Summary and Analysis Book 3: The Downfall: Chapter 8 - Daylight on the Wreck

 

Summary

The land and mill are sold to Wakem, who proposes that Tulliver be retained as manager. This is regarded as a reasonable proposition by the aunts and uncles, although Tom protests against it. But when the time comes that Tulliver is able to move out of his room, he still knows nothing of this. Tom and Maggie and Luke go to his room to prepare him for the shock of finding that he is bankrupt. Mr. Tulliver is still planning a way out, but Tom tells him that everything is settled "for the present." Luke tries to show sympathy by saying that Tulliver would have paid everybody if he could.
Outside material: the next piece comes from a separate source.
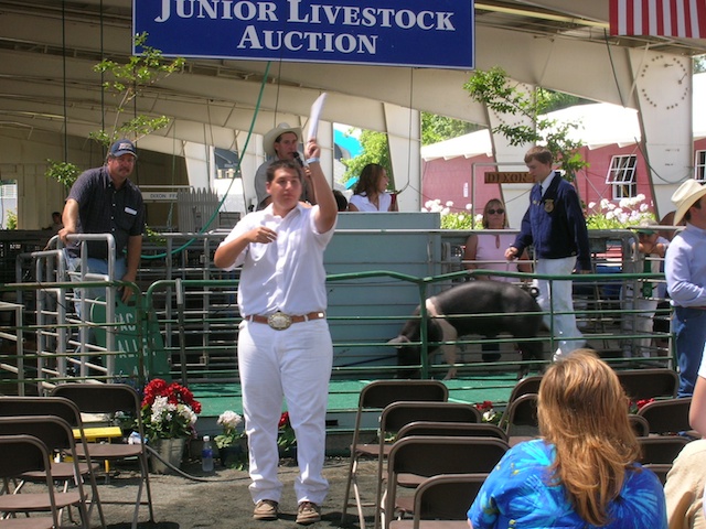 Chris selling a hog at the auction at the Solano County Fair. He looks young–maybe a sophomore?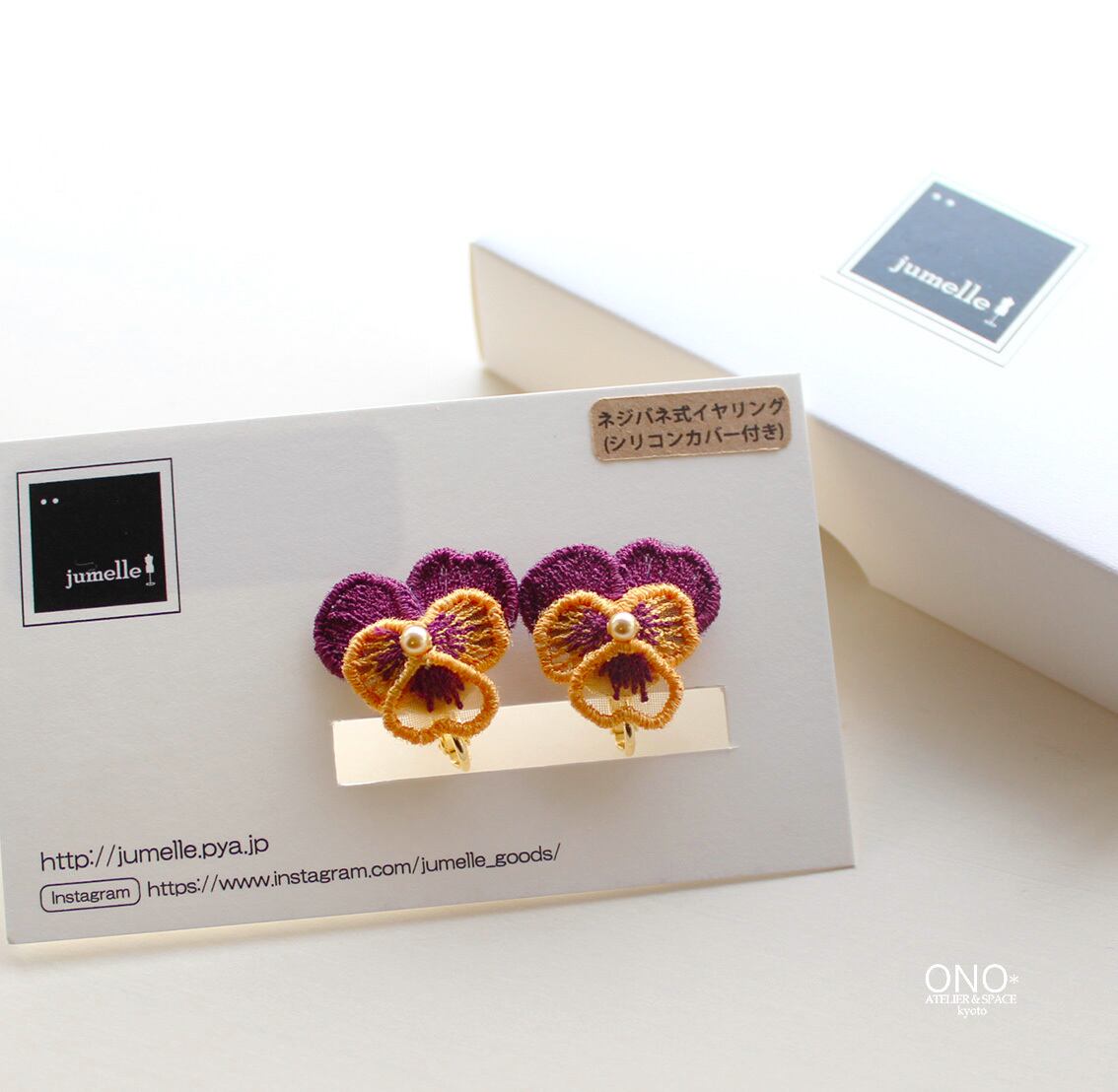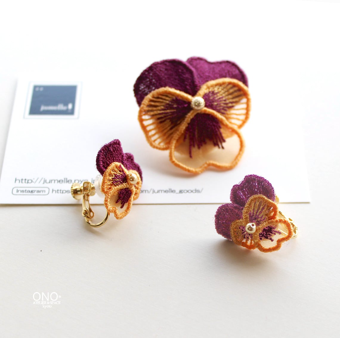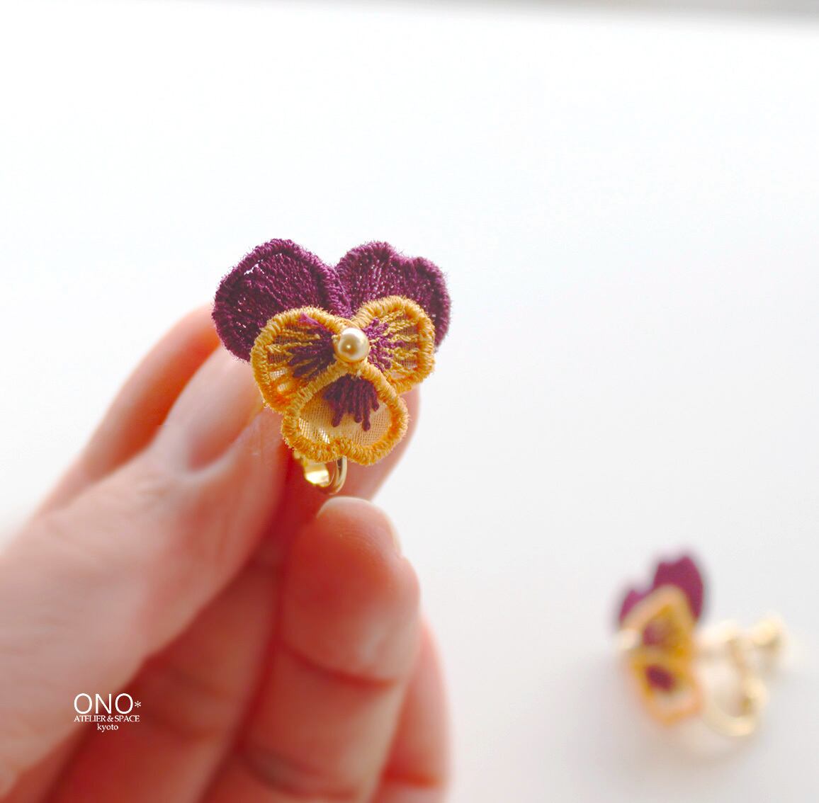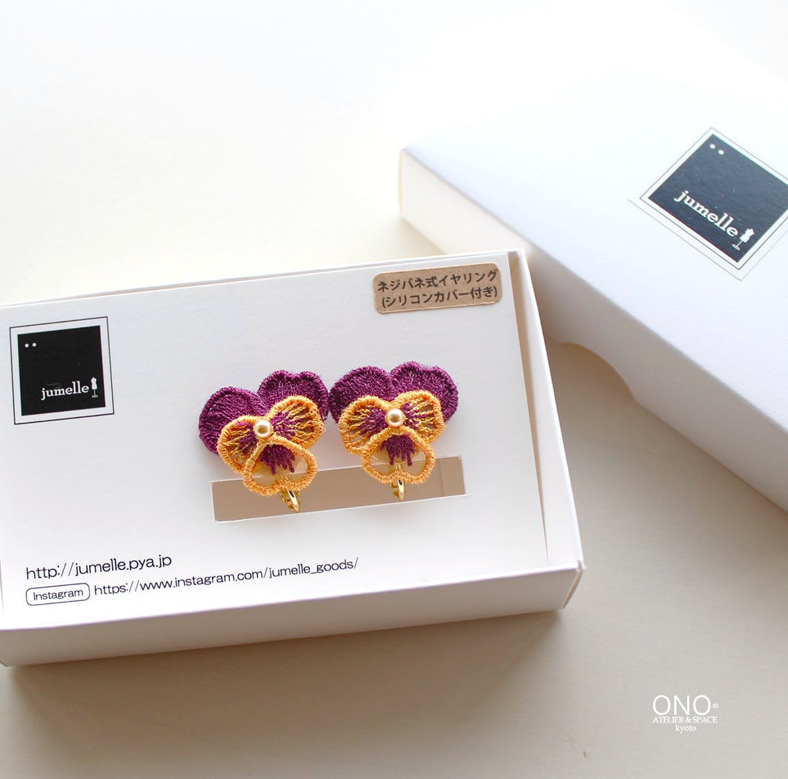 「ミニサイズのビオラがお耳を可愛らしく華やかに彩るイヤリング。

Tulliver then realizes he is ruined. When he calms down, he wishes to know what has happened, and Tom tells him that everything is sold. When Mr. Tulliver comes downstairs, the bareness of the rooms brings the fact home to him. He receives Tom's assurance that Moss's note was burnt and leafs through the family Bible thinking of the old times. When his wife comes in lamenting her condition, he promises to make amends any way he can. Tom tries to silence his mother, but she tells Mr. Tulliver that Wakem owns the mill and that she wants him to give in and be Wakem's manager. Tulliver says the world has been "too many" for him and wearily agrees.

Analysis

The basic failure of the Dodsons is seen again to be their failure to consider the needs of individual men. Tulliver's hatred of Wakem is considered "but a feeling in Mr. Tulliver's mind, which, as neither aunts nor uncles shared it, was regarded as entirely unreasonable and childish." Tulliver's hatred is certainly unreasonable, but the consequences of it run far deeper than childishness. This his wife's relatives overlook. They still consider their own feelings. They do not wish to be embarrassed by "that too evident descent into pauperism which makes it annoying to respectable people to meet the degraded member of the family by the wayside." There are varieties of Dodsonism: Mr. Glegg and Mr. Deane are not so strict as Mrs. Glegg, but "they both of them thought Tulliver had done enough harm by his hot-tempered crotchets, and ought to put them out of the question when a livelihood was offered him." Theirs is a just opinion, but a hard one to impose on Tulliver. It only leads to further trouble with Wakem. Another variation of Dodsonism is Mrs. Tulliver's: she is totally self-concerned and does not bother to try to understand what it is all about. Her question is, "O dear, what have I done to deserve worse than other women?" Like Tom with Maggie, Mrs. Tulliver cannot and does not try to understand the depth of her husband's feelings.